What I found particularly alarming was the role of students as informants, a virtual extension of the secret police that are the staple of repressive societies. This, too, is nothing new. Throughout modern history, despots have drawn on their nations’ youth to lend a semblance of energy and idealism to their authoritarianism, ensure a steady stream of cadres, and at worst, provide ample cannon fodder.

In Russia, the Komsomol rose up in 1918 to prepare people between 14 and 28 for membership in the Communist Party. Four years later, the Young Pioneers took in members between 9 and 14, and just to make sure no one who could walk and talk was left out, the Little Octobrists were organized in 1923 for the 7-9 crowd. 
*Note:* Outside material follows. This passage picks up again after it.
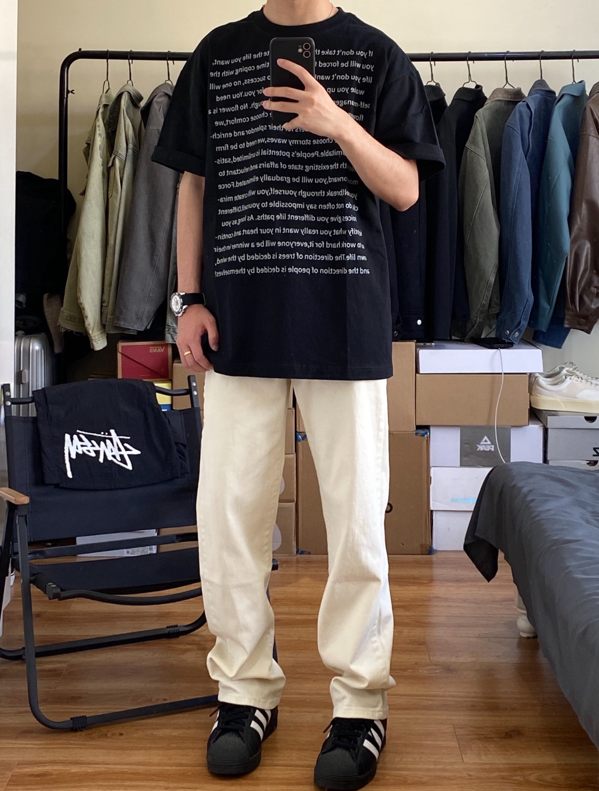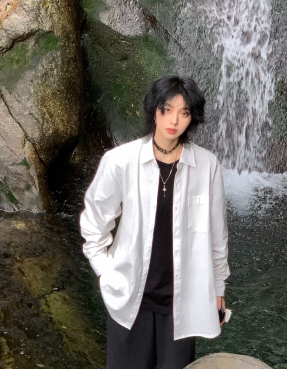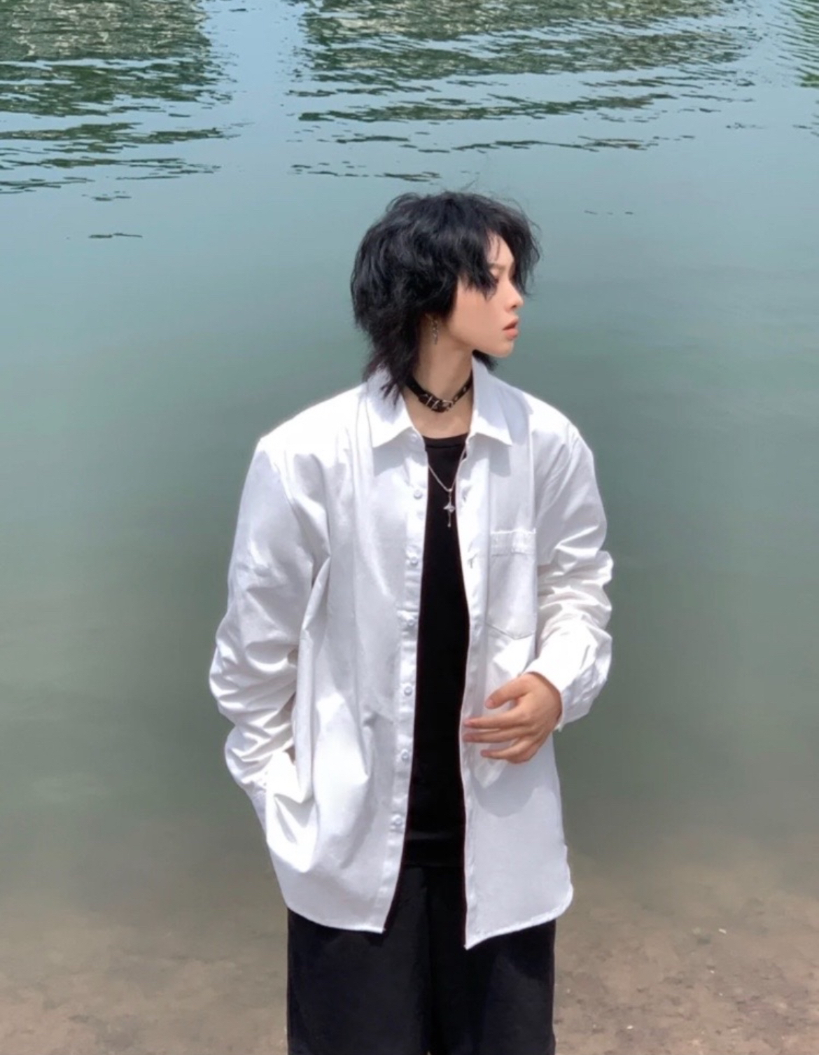白白净净的清秀感真的超级爱的,这件白色衬衫就可以穿出这种感觉,宽松的版型可以外搭真的不错!

The Hitler Youth was preceded and prepared for by youth organizations that formed around themes like religion and traditional politics, and it was easy to reorient them toward Nazism. An all-male organization matched by the League of German Girls, the Hitler Youth focused on sports, military training, and political indoctrination, but they soon had to go far beyond marching in the streets and smashing Jewish storefronts. Running short of men, the Germans set up a division composed of Hitler Youth members 17 years and under, the 12th SS-Panzer Division Hitlerjugend. It went into battle for the first time on D-Day in June 1944; after a month, it had lost 60 percent of its strength to death and injury.

Chairman Mao relied on China’s teenage cadres—the Red Guards—to unleash the Cultural Revolution in 1966 against the so-called “Four Olds” (old customs, culture, habits, and ideas, which came to be personified in elderly scholars and teachers who were beaten to death or sent off to prison camps for “re-education”). 

Under Ferdinand Marcos Sr.’s martial law, the Kabataang Barangay was created by Presidential Decree 684 in 1975 to give the Filipino youth “a definite role and affording them ample opportunity to express their views.” That sounds innocuous enough, and indeed the KB would go on to engage in skills training, sports, sanitation, food production, crime prevention, and disaster relief, among other civic concerns, under the leadership of presidential daughter Imee. 

At the same time it was clearly designed to offset leftist youth organizations like the Kabataang Makabayan and the Samahang Demokratiko ng Kabataan by drawing on the same membership pool and diverting their energies elsewhere—more specifically, into becoming the bearers and defenders of the New Society’s notions. (Full disclosure: I was an SDK member, but my younger siblings were KB.)

I would never have thought that the “Duterte Youth” meant something else, but it does; evidently, it’s just shorthand for “Duty to Energize the Republic through the Enlightenment of the Youth Sectoral Party-list Organization.” Organized in 2016 to support the Davao mayor’s presidential campaign and later his policies as President, the Duterte Youth have affected quasi-military black uniforms and fist salutes. Its leader, Ronald Cardema, reportedly brushed off comparisons with the Hitler Youth by pointing out that the Germans had no patent on the “youth” name, which he was therefore free to use. (Uhmm… okay.)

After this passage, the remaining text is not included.